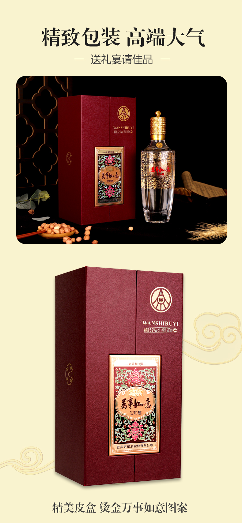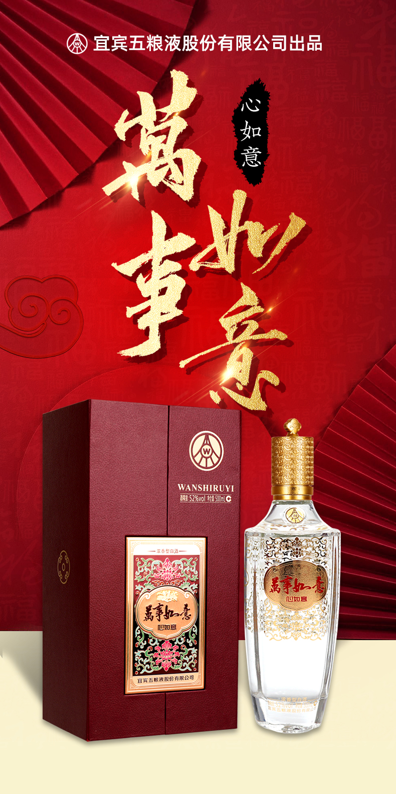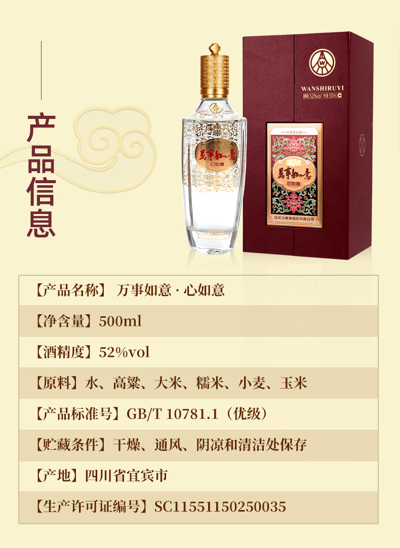 五粮液 万事如意 心如意 52度浓香型白酒 500ml *1瓶 红色
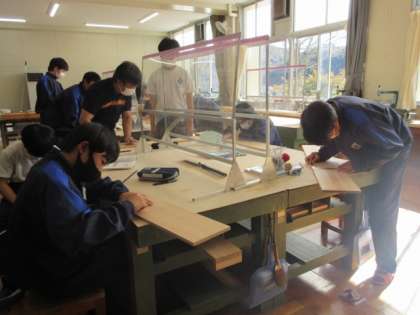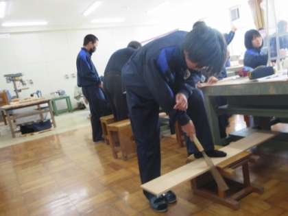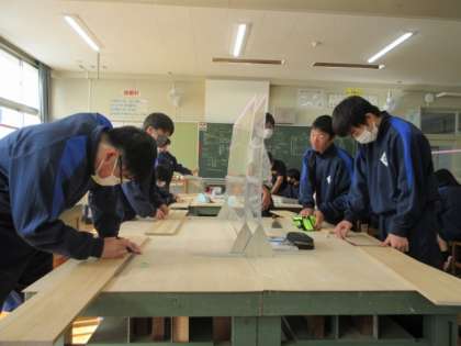 いよいよ木材からパーツを作ります。木材に印をつけ、のこぎりで切っていました。
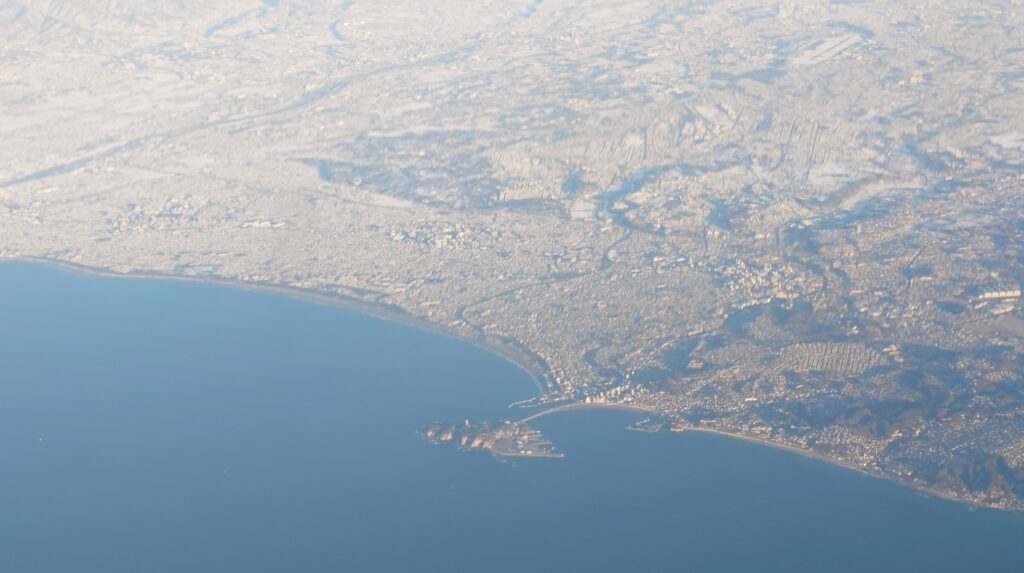 2月9日の早朝便で羽田から那覇へ。前日に横浜も含めて関東で積雪があり、航空便にダイヤ乱れがあった。その余波で、欠航により振替で搭乗する乗客が多く、案内にも手間取って30分遅れで出発。しかし、那覇空港にはほぼ定時で到着する回復を見せた。写真は飛行機から見た江の島付近だが、積雪で全体的に白いのが分かるかと思う。いつもと違った風景を見ることができた。
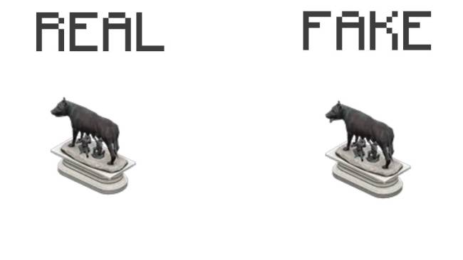 I also actually love the fake. It depicts the kids from that famous Romulus and Remusstory. It might be hard to tell with this one but the.

• [Task requirements]
Your task is to retype, exactly and only, the lines from the line holding "2月9日の早朝便で羽田から那" through the final line of the data above, with both ends kept. Drop the pictures.

• [Reply]
 2月9日の早朝便で羽田から那覇へ。前日に横浜も含めて関東で積雪があり、航空便にダイヤ乱れがあった。その余波で、欠航により振替で搭乗する乗客が多く、案内にも手間取って30分遅れで出発。しかし、那覇空港にはほぼ定時で到着する回復を見せた。写真は飛行機から見た江の島付近だが、積雪で全体的に白いのが分かるかと思う。いつもと違った風景を見ることができた。
 I also actually love the fake. It depicts the kids from that famous Romulus and Remusstory. It might be hard to tell with this one but the.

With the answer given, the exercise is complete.